If you haven’t read the HBR article yet, now is the time!
Constructing a Team
Conventional wisdom states that the more in-house talent a company can use on a project, the lower the risk. Members with non-specific talents, like project management, budgeting or team building, would often tapped for positions on a build team. We believe that unless there is specific construction knowledge and experience, you should stick to hiring professional services for a build. Here’s why-
A construction team traditionally takes a ‘waterfall’ approach to a build: the output of each contributor, operating within their frame of experience and assumptions, becomes the input of the next. This sequential process creates a range of challenges, constraints, and delays, even before egos are thrown into the mix. It can be overwhelming for the uninitiated.
Before you build a building, you need to build a team.
When contemplating the use of internal (client) resources on a build team, take a critical look at staff capabilities. Be realistic about your team: if you aren’t 100% confident in a prospective member’s skill within a construction framework, it may be more beneficial to replace them with someone that has vetted credentials.
The most common client-staffed positions include:
- Budgeting talent- someone who will manage project accounts to steer you away from over-runs.
- Design talent- a competent resource for drawings/plans.
- Team-building talent- a resource that can manage morale
- Monitoring talent- someone to ensure all milestones are being met on time and (hopefully) on budget.
These roles can and do overlap- especially with highly experienced individuals.
So what makes a good team?
Buy-in. From Everyone.
One of the tenets behind Integrated Project Delivery is that all disciplines in a construction project work as one. A IPD-focused general contractor will manage most relationships and be in the best position to react to unknowns and deal with any disparate personalities.
We’ve all seen this horror story:
Client engages with designer.
Designer designs project based on client’s vision.
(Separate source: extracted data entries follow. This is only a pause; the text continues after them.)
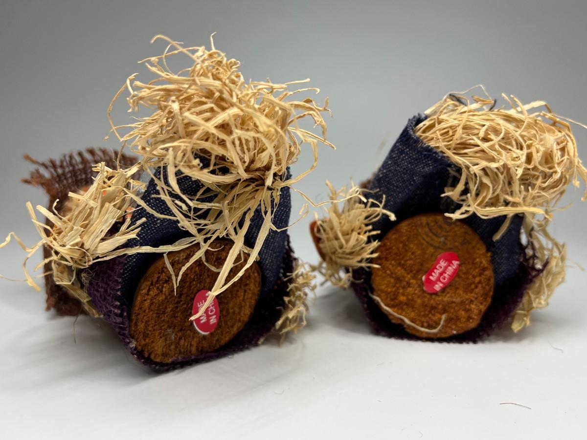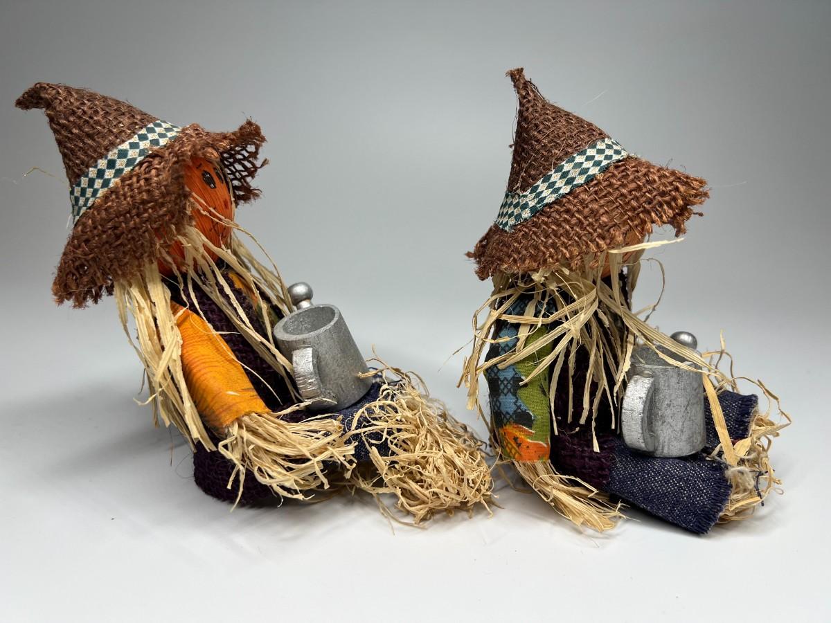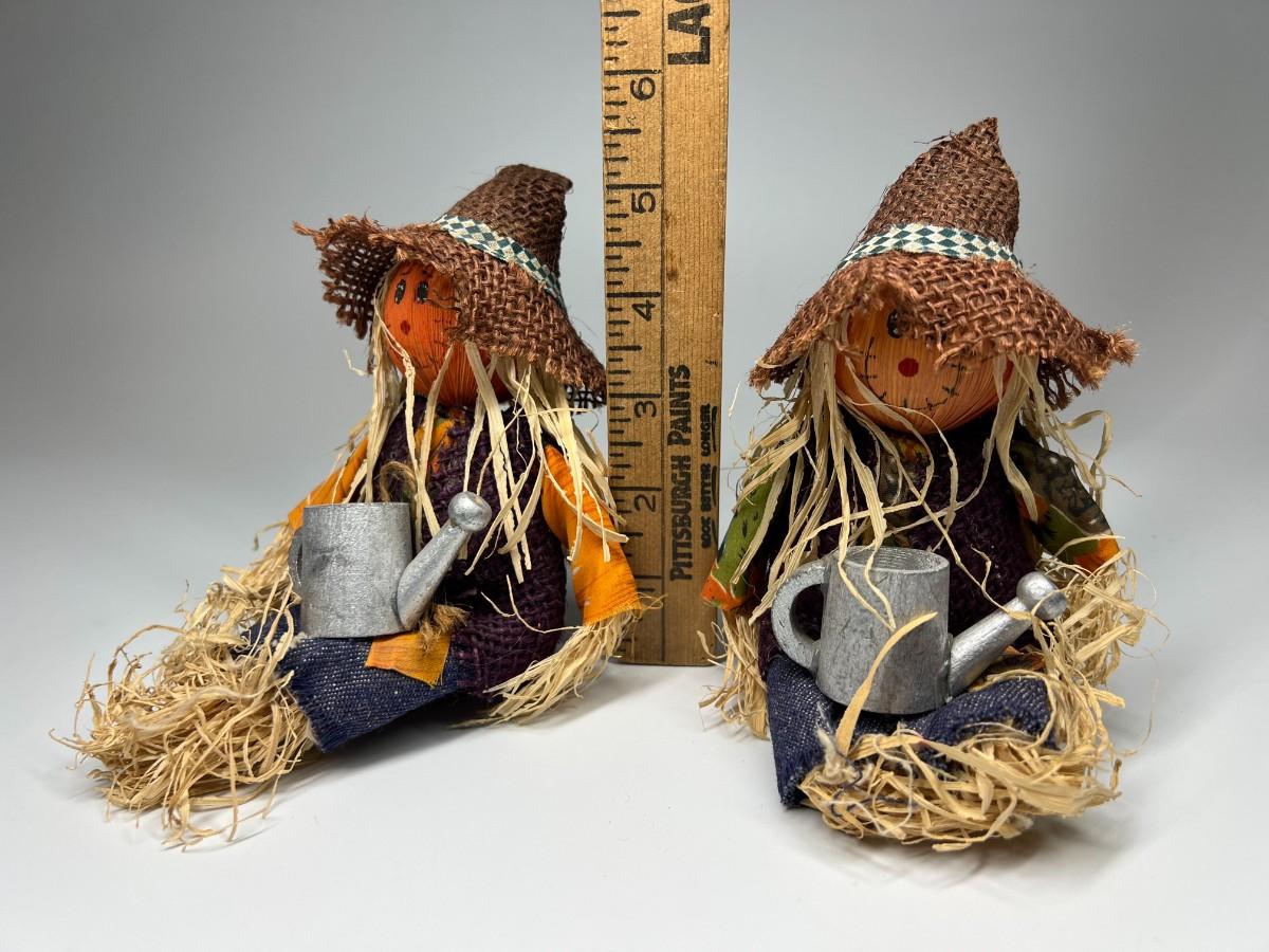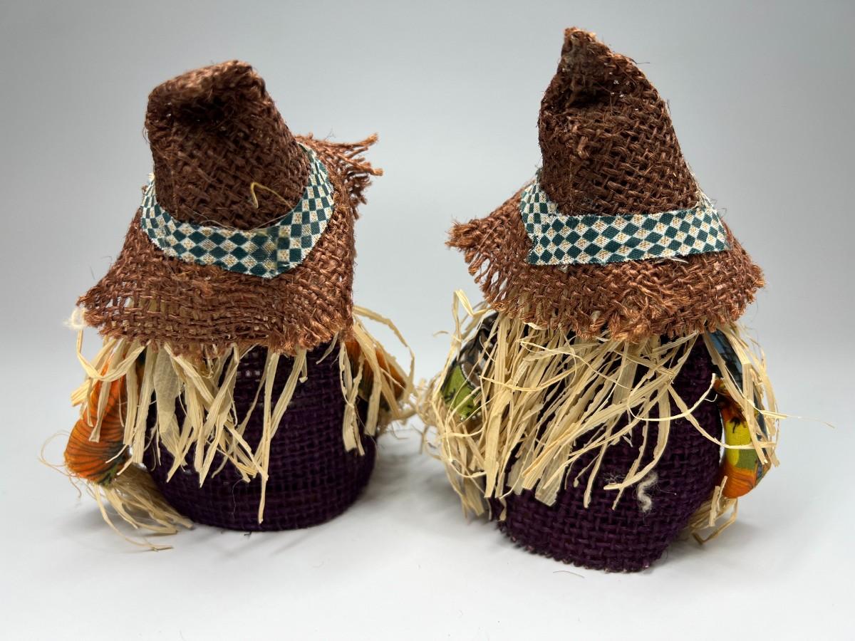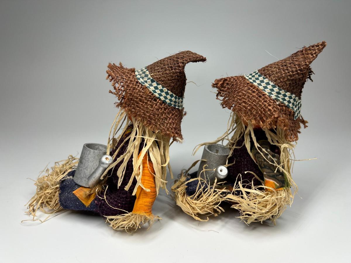 Pair of Small Scarecrow Hay Cloth Fall Autumn Figurines
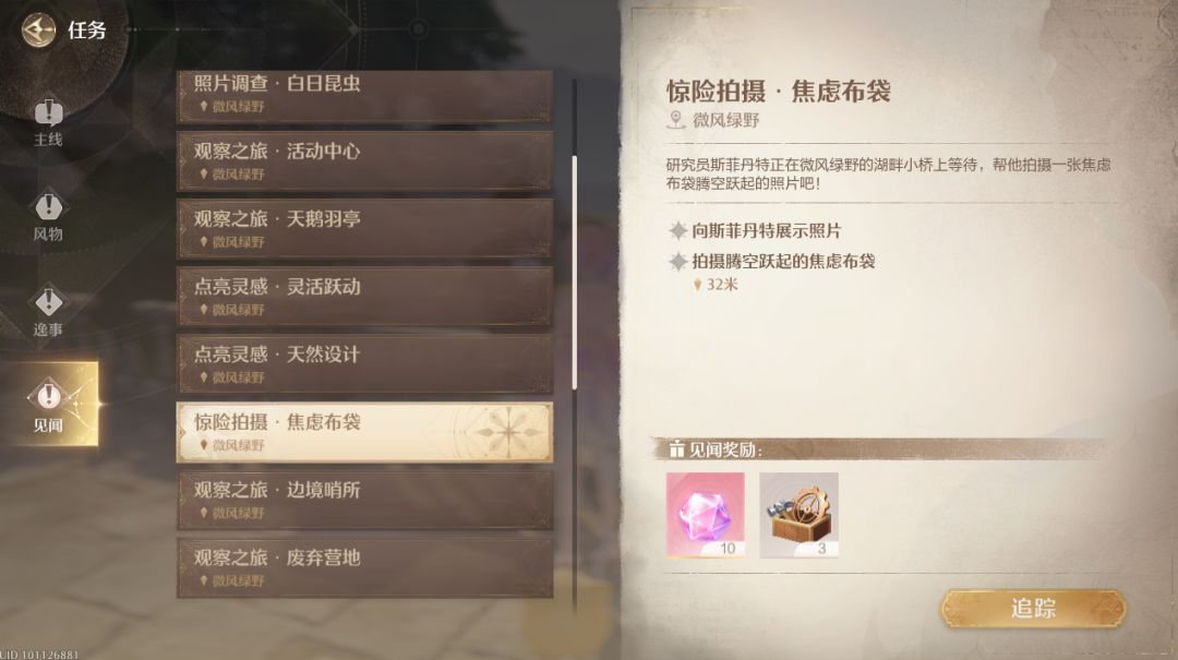到达这个位置后即可解锁【见闻任务】惊险拍摄·焦虑布袋,接着跟斯菲丹特对话
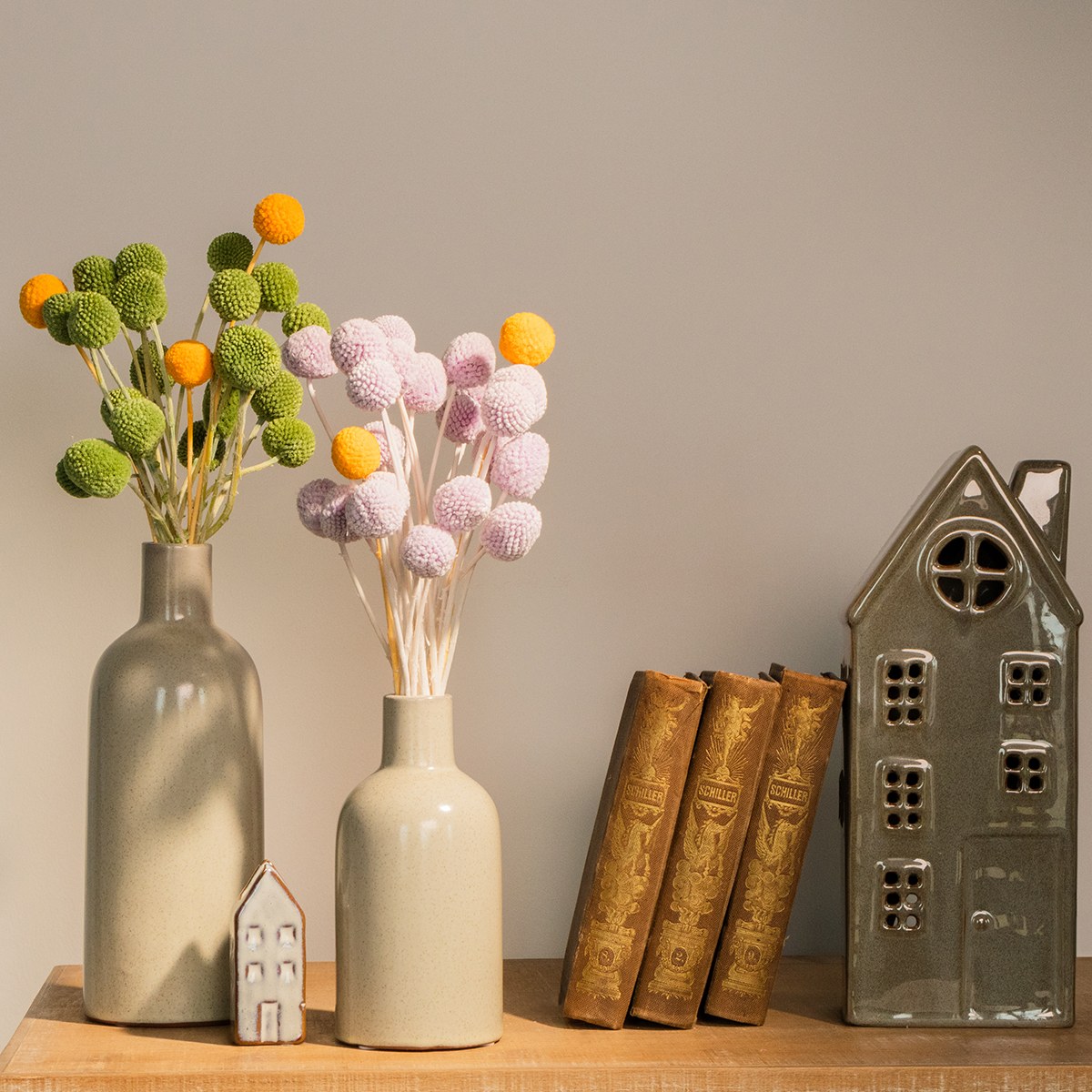 Disse tørkede blomstene med Craspedia er ikke bare et bærekraftig valg, men takket være deres langvarige natur vil de gi deg glede i mange år. Bestill enkelt på nett og oppdag hvor allsidige disse høstlige høydepunktene kan være i innredningen din.
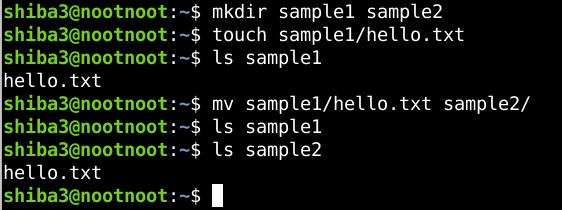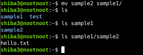 Chúng ta sẽ chuyển toàn bộ directory kèm file hello.txt từ HOME directory của shiba3 sang directory sample1
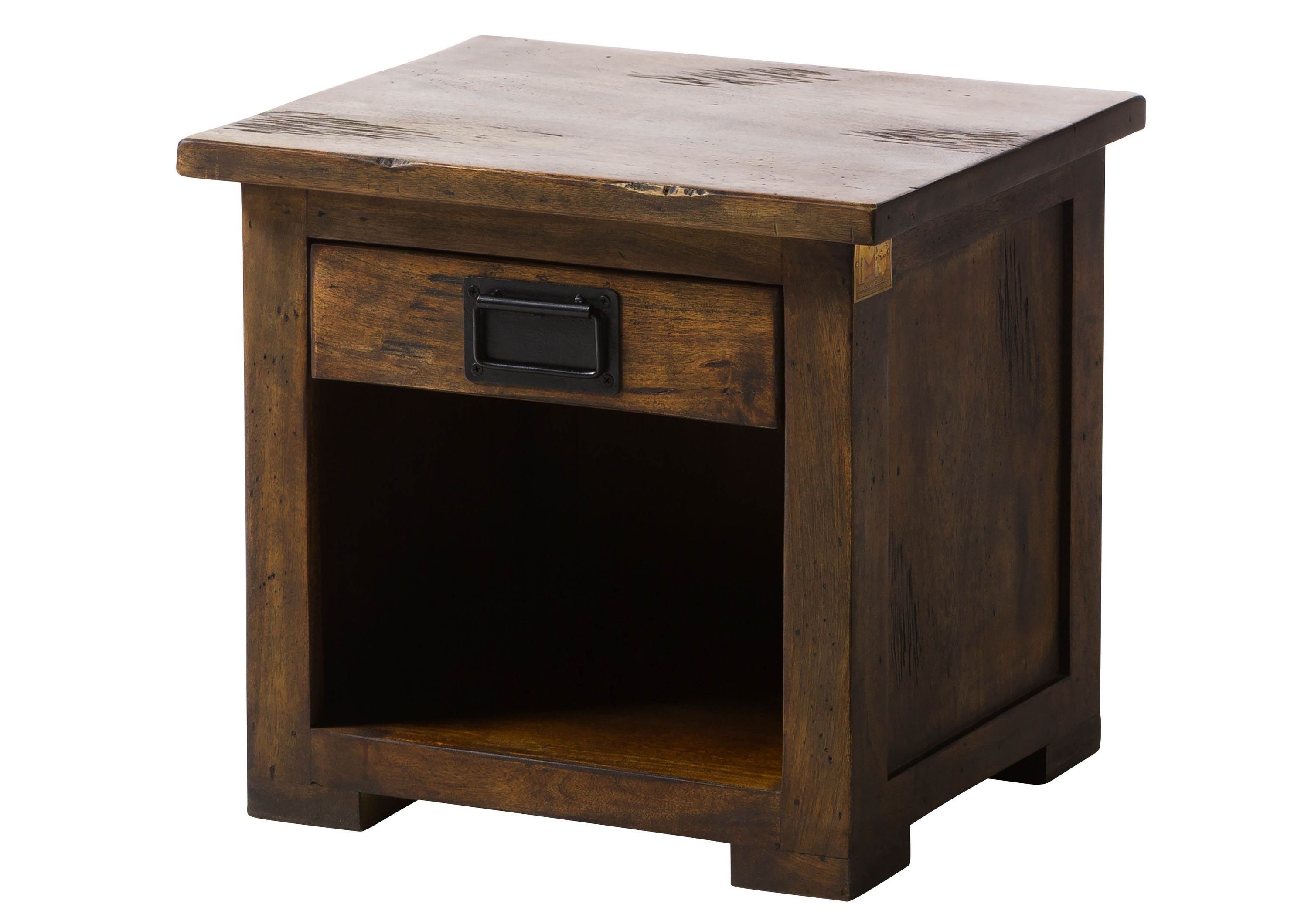 Dieser Nachttisch beweist, dass der Industrial Chic perfekt ins Schlafzimmer passt. Gefertigt aus hochwertigem Mango-Massivholz umgibt das kleine Möbelstück eine gemütliche und warme Ausstrahlung. Dazu kommt der schwarze Metallgriff der Nachttisch-Schublade, welcher einen stilvollen Kontrast mit nostalgischem Flair hinzufügt. Das offene Fach hält Bücher, Taschentücher oder weitere Alltagsgegenstände jederzeit griffbereit.

Client is happy and has their heart set on this design.
Designer and client engage builders.
Builders low-ball to win bid.
Builder wins the business, engages sub-trades and starts construction.
Issues arise and the change-orders begin….
The project is now delayed and the budget stressed.
The Client is unhappy.
What if the client, designer, architect, builder, subtrades and municipality sat together at the start of a project? Could these issues have been avoided? Perhaps. If the municipality flagged an overlooked detail, the designer could accommodated it in their design, the subtrades would have shared their expertise so the builder could factor it into the cost for the client. Each individual’s past experience could have informed the direction of the project on day one.
Staffing the project properly and having a relationship-oriented team is crucial to managing challenging projects. Having a strong team from the onset will only set you up for success.